Support and self-efficacy among Latino and White parents of children with ID.
Boost partner emotional support in parent training—Latino mothers of kids with ID show bigger gains in parenting confidence when partners provide emotional backing.
01Research in Context
What this study did
Cox et al. (2015) asked moms of kids with intellectual disability how much emotional support they get from their partner.
They compared Latino and White mothers. A short survey measured support, parenting confidence, and life happiness.
What they found
Mothers who felt more partner support also felt more confident and happier.
The link was stronger for Latino moms. Emotional support boosted their parenting self-efficacy the most.
How this fits with other research
Durbin et al. (2019) found the same pattern in early-intervention families. Good support and strong teamwork raised family quality of life.
van Schrojenstein Lantman-de Valk et al. (2006) showed higher marital quality lifts parenting confidence for moms of kids with developmental disabilities. Cox et al. (2015) narrow the source to partner emotion and highlight Latino families.
Tsao et al. (2003) looked at Arab moms in Israel.
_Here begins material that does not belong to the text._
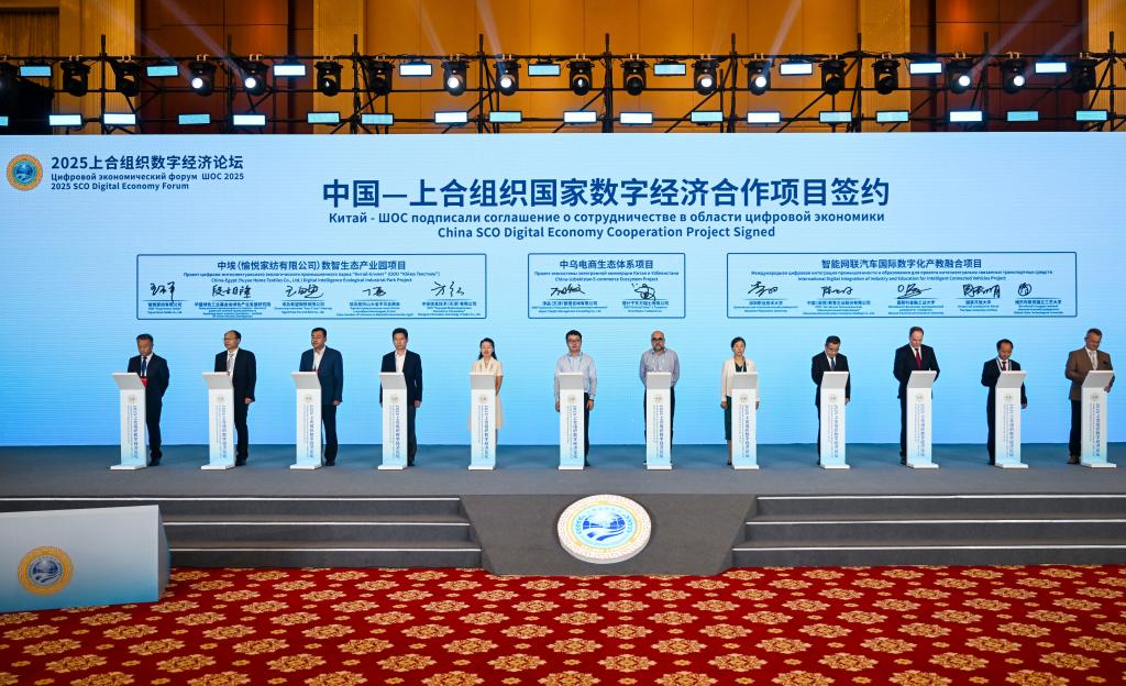 在2025上合组织数字经济论坛上,中国—上合组织国家数字经济合作项目进行签约(2025年7月11日摄)。新华社记者 赵子硕 摄

Informal support helped, but formal welfare services did not. The studies seem to clash, yet the gap is context: U.S. partner emotion versus Israeli state services. Culture and service type explain the difference, not a true contradiction.
Benson (2016) tracked ASD moms for seven years. Larger support networks raised parenting confidence and cut depression. The partner focus in Cox et al. (2015) fits inside this bigger network picture.
Why it matters
You can raise parenting confidence by bringing partners into training. Ask partners to give praise, listen, and share duties. This is extra important for Latino families where the boost is largest. One quick step: end each parent meeting by asking the partner to name one thing they will praise the mom for that week.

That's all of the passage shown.